I had a shocker, I'm 'pre-menstrual' as my body sends out a flood of searcher hormones to get me to produce more testosterone...sadly when they reach their destination nobody's home. So i have a big syringe of the stuff sitting here tempting me to take it a day early...Oh! Go on then...I will!!
I wonder if this is a familiar scene at any of the rooms in the Hilton this morning??

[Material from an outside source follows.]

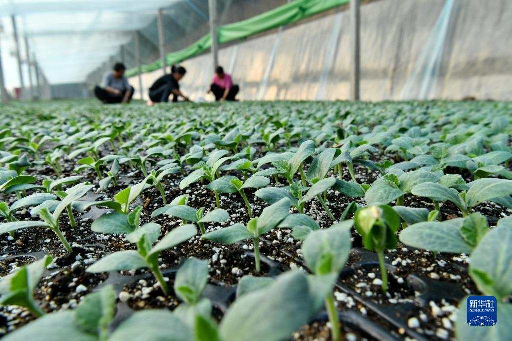 2月16日,地處獻縣泛區的河北省滄州市獻縣臨河鄉趙三角村村民在村內一處育苗基地內打理秧苗。

So...yesterday after finding a suitable spot to give the Limo some SBS time for you folks far away (parked at the second sprint on the run to the line but they cut to a chopper shot just as they should've cut to a Moto shot and vice-versa...better effort than Stage 1 though where my idyllic, generic Barossa Valley setting was COMPLETELY bypassed by the coverage.....if I was paranoid!!!) I headed to the KOM. I like hills, I like riding them....however, Checkers hill is a fucker of a climb with 15% plus bits on both sides..OK when I'm fit, not when I'm bitchin!! I rode up the back (after taking a detour up the equally formidable Martins Hill just so I could get this photo of Checker.
which follows the ridge up to the high point...doesn't look much from here but if you want to see the speed they get to check this out....
http://www.youtube.com/watch?v=1oiwKcJ04Tw
I went over to the other side (did a Doris as i call it!) of the hill to check out the crowds on the actual KOM climb..awesome as per usual and my PdC hearts Jens road-writing from last year is still clear as a bell :-)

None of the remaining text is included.